• 03 June 2021
  • 14:00-15:30

Satellite monitoring for forest management

Tropical dry forests are subject to some of the highest rates of deforestation and degradation around the world, even though they cover some 2.7 million square kilometers in Africa alone and represent globally important carbon storage. These ecosystems are particularly at risk due their fragility and the high demand for forest goods and services, which are required to support the livelihoods of large numbers of the world’s poorest people. Despite their importance, little is known about dry forests and they are often not covered by inventories and management planning.

Recent major breakthroughs in satellite Earth Observation (EO) data provision provide unprecedented views of the Earth and present an opportunity to address existing limitations in forest monitoring capabilities. In 2014 and 2015, the European Space Agency (ESA) launched two satellite missions – Sentinel-1 and Sentinel-2 – to improve monitoring the global environment. Both satellites are revolutionary in terms of wide coverage, high spatial resolution, and frequent repeat coverage. Similar to the Landsat-8 mission, data collected by the Sentinel satellites are provided through an open access policy.
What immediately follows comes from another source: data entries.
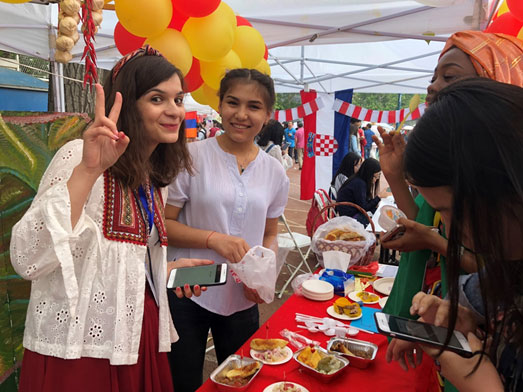 Visitors enjoy Macedonian food at the 15th World Cultural Festival of Beijing Language and Culture University on May 20, 2018. (Photo: Du Mingming/People's Daily)
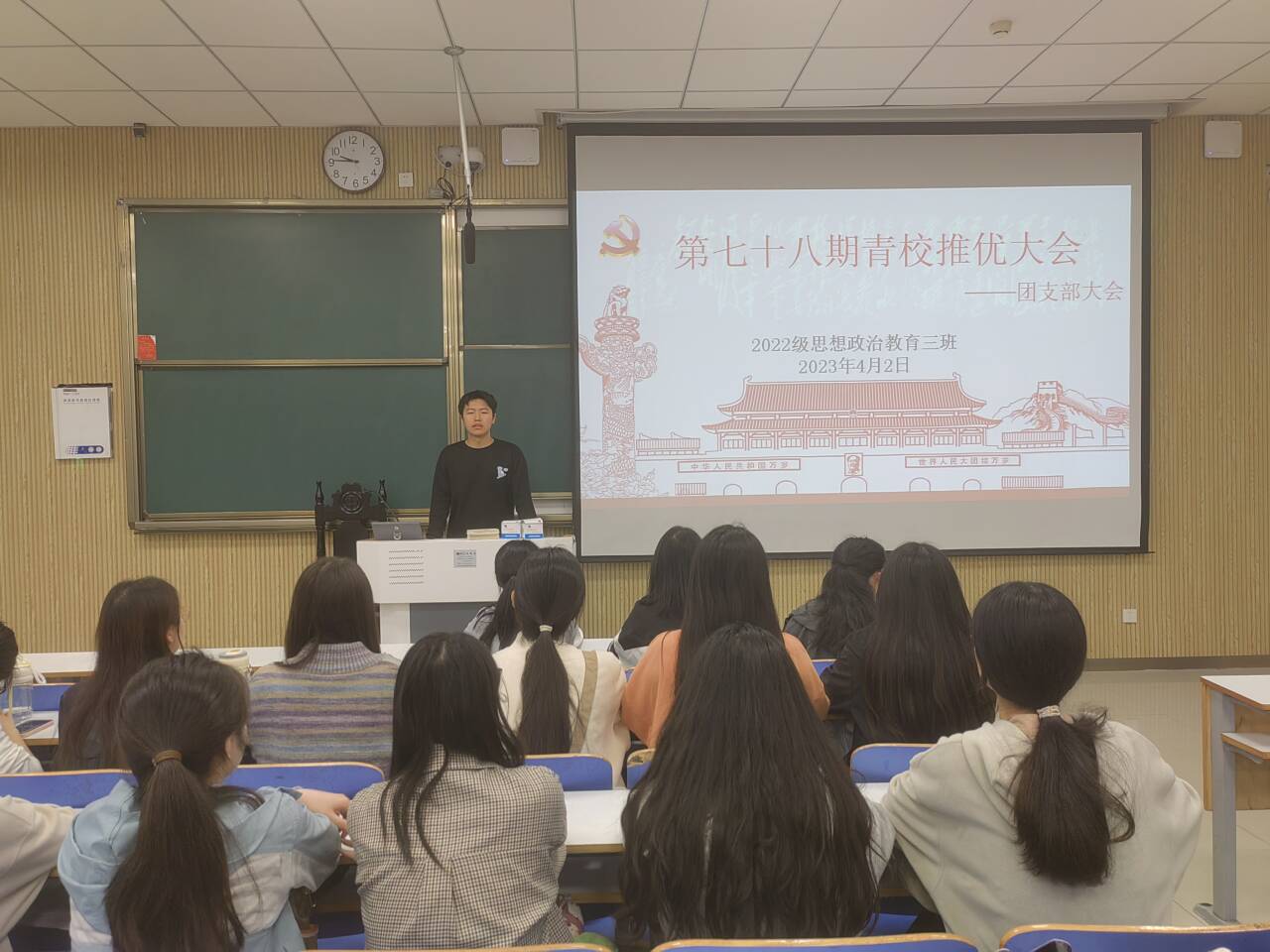 4月2日上午,永利集团官网2022级思想政治教育三班在社科楼515教室召开“青年共产主义学校”推优大会。永利集团官网2022级思想政治教育三班全体同学共同参与此次大会。大会由团支书余浩洋主持。
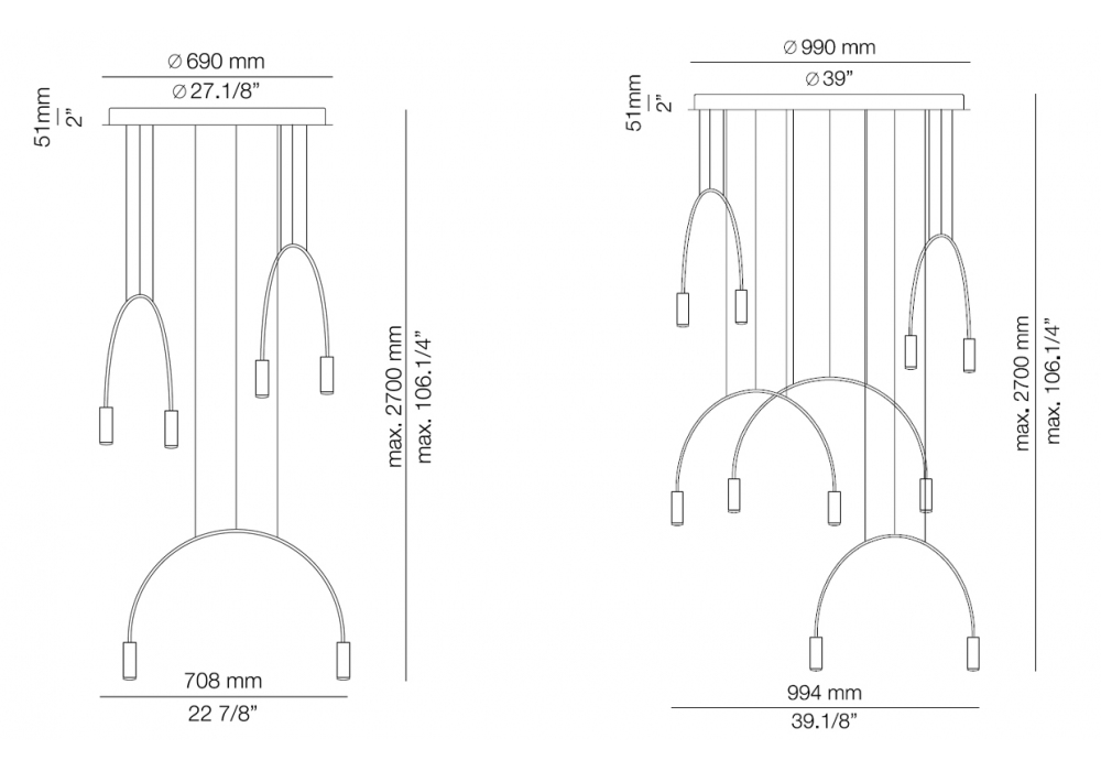 | Dimensions | Ø 69 x H 270 cm; Ø 99 x H 270 cm. |
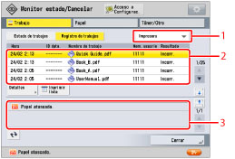 La pantalla Trabajo aparece cuando se selecciona [Trabajo] en la pantalla Monitor estado/Cancelar. La lista de trabajos se muestra en la parte superior, y la lista de mensajes para el estado actual del dispositivo se muestra en la parte inferior de la pantalla Trabajo. Pulse [Estado de trabajos] para ver los trabajos actuales y los trabajos en espera. Pulse [Registro de trabajos] para ver los trabajos completados.
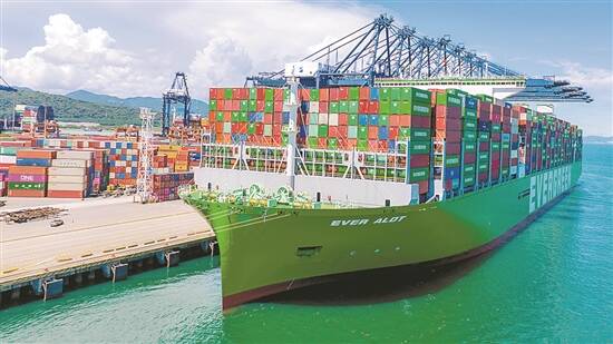 羊城晚报讯 记者林园报道:近日,首艘中国“智”造全球最大集装箱船、“长益”轮停靠在盐田港。“长益”轮是中国船舶集团旗下沪东中华为长荣海运建造的装载量24004标箱超大型集装箱船。这艘“海上巨无霸”首航靠泊盐田,并以其作为在中国最后的挂靠港,与盐田国际突出的深水良港优势和被业界高度认可的操作能力有关。 作为全球最大集装箱巨轮,“长益”轮由沪东中华自主设计,拥有完全自主知识产权,自6月在上海启航后,随即与另外6艘超大型集装箱船一同服务于挂靠盐田港的远东至欧洲航线。
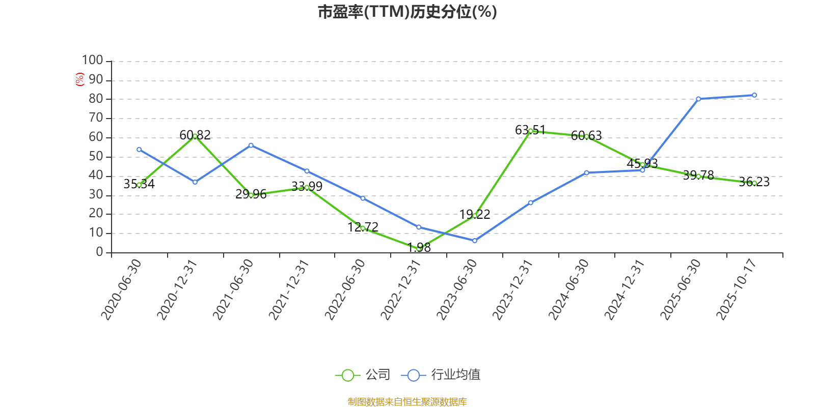市盈率、市凈率為負(fù)時(shí),不顯示當(dāng)期分位數(shù),會(huì)導(dǎo)致折線圖中斷。

These missions and open access policies have dramatically increased available data on global forests.

The session will focus on introducing the new and innovative tools developed by the Satellite Monitoring for Forest Management (SMFM) project by the World Bank in 2017–2020. The SMFM project developed tools to allow forest practitioners to use these new satellite resources for forest cover and biomass assessment, dense time-series change analysis and analyzing the drivers of forest change.